A factually incorrect response occurs when the assistant's message contains one or more factual claims that are unsupported by, inconsistent with, or directly contradicted by the information provided in the documents or context. This includes situations where the assistant: introduces details not grounded in the context, misstates or distorts facts contained within the context, misinterprets the meaning or implications of the context, supplies erroneous or conflicting information relative to the context. Even if only a small portion of the response contains such inaccuracies, the overall message is considered factually incorrect.

Quickstart Example (LoRA)

import json

from transformers import AutoTokenizer
from vllm import LLM, SamplingParams
from vllm.lora.request import LoRARequest

def parse_output(output) -> str:
    label = None
    output_text = next(iter(output.outputs)).text.strip()

    # Output must be in JSON format
    try:
        data = json.loads(output_text)
        label = data.get("score")
    except json.JSONDecodeError as e:
        print(f"Cannot parse JSON output: {e}")
        label = "FAIL"
    return label

def make_prompt(query: str, response: str, contexts: list, tokenizer):

    factuality_detection_text = """
<guardian>As a judge agent, your role is to help assess whether the provided text meets the given judging criteria, utilizing all available information, including conversations, documents, and tools.

### Criteria: A factually incorrect response occurs when the assistant's message contains one or more factual claims that are unsupported by, inconsistent with, or directly contradicted by the information provided in the documents or context. This includes situations where the assistant: introduces details not grounded in the context, misstates or distorts facts contained within the context, misinterprets the meaning or implications of the context, supplies erroneous or conflicting information relative to the context. Even if only a small portion of the response contains such inaccuracies, the overall message is considered factually incorrect.

### Scoring Schema: If the last assistant's text meets the criteria, return 'yes'; otherwise, return 'no'.
"""

    messages = []    
    messages.append({
        "role": "user",
        "content": query
    })
    messages.append({
        "role": "assistant",
        "content": response
    })

    # Add the quardian (user)
    messages.append({
        "role": "user",
        "content": factuality_detection_text
    })

    # Apply the granite 4.0-micro chat template
    formatted_text = tokenizer.apply_chat_template(
        messages, 
        tokenize=False, 
        add_generation_prompt=True,
        documents=[{"doc_id": "0", "text": "\n\n".join(contexts)}]
    )

    return formatted_text

# Load the model
BASE_PATH = "ibm-granite/granite-4.0-micro"
adapter_repo = "ibm-granite/granitelib-guardian-r1.0"
adapter_subfolder = "factuality-detection/granite-4.0-micro/lora"

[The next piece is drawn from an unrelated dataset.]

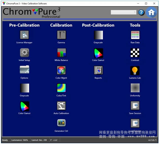 使用色彩極致軟件能夠將您的等離子電視、液晶平板電視或投影機按照行業標準進行校準。如有本手冊未涉及到的技術問題,請聯系 support@chromapure.com(英文)。
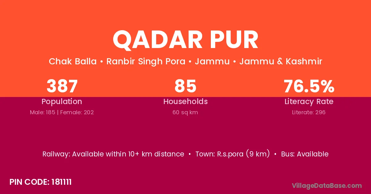 R.s.pora (9 km) is the nearest town to Qadar Pur village for major economic activities and is located approximately 9 km away.

# Download adapter to local cache and get path
local_repo = snapshot_download(adapter_repo, allow_patterns=f"{adapter_subfolder}/*")
adapter_path = f"{local_repo}/{adapter_subfolder}"
LORA_PATH = adapter_path

sampling_params = SamplingParams(max_tokens=30, temperature=0.0, seed=42)
lora_request = LoRARequest("adapter1", 1, LORA_PATH)
model = LLM(model=BASE_PATH, tensor_parallel_size=1, gpu_memory_utilization=0.95, dtype="bfloat16", enable_lora=True, max_lora_rank=128)

# Prepare the prompt
question = "Is Ozzy Osbourne still alive?"
response = "Yes, Ozzy Osbourne is alive in 2025 and preparing for another world tour, continuing to amaze fans with his energy and resilience."
contexts = ["Ozzy Osbourne passed away on July 22, 2025, at the age of 76 from a heart attack. He died at his home in Buckinghamshire, England, with contributing conditions including coronary artery disease and Parkinson's disease. His final performance took place earlier that month in Birmingham."]
tokenizer = AutoTokenizer.from_pretrained(BASE_PATH)
prompts = [make_prompt(question, response, contexts, tokenizer)]

# Generate the output
output = model.generate(prompts, sampling_params, lora_request=lora_request)

# Display the output
label = parse_output(output[0])
print(f"# Factually incorrect? : {label}")

Training Details

Factuality Detection is a LoRA adapter finetuned to detect factually incorrect responses with respect to conflicting or contradicting contextual information based on the factuality assessment method described in [Marinescu et al. EMNLP 2025] FactReasoner: A Probabilistic Approach for Long Form Factuality Assessment of Large Language Models.

Training Data

The adapter was trained using synthetic data that was generated from the ELI5-Category dataset that augments long-form explanatory question–answer threads scrapped from the \texttt{r/explainlikeimfive} reddit forum with explicit topical annotations. This resource contains questions in which users request intuitive explanations of complex topics, each assigned by community moderators to one of 12 high-level categories (11 topical domains plus a \textit{Repost} category) and paired with multiple candidate answers and their corresponding upvote scores.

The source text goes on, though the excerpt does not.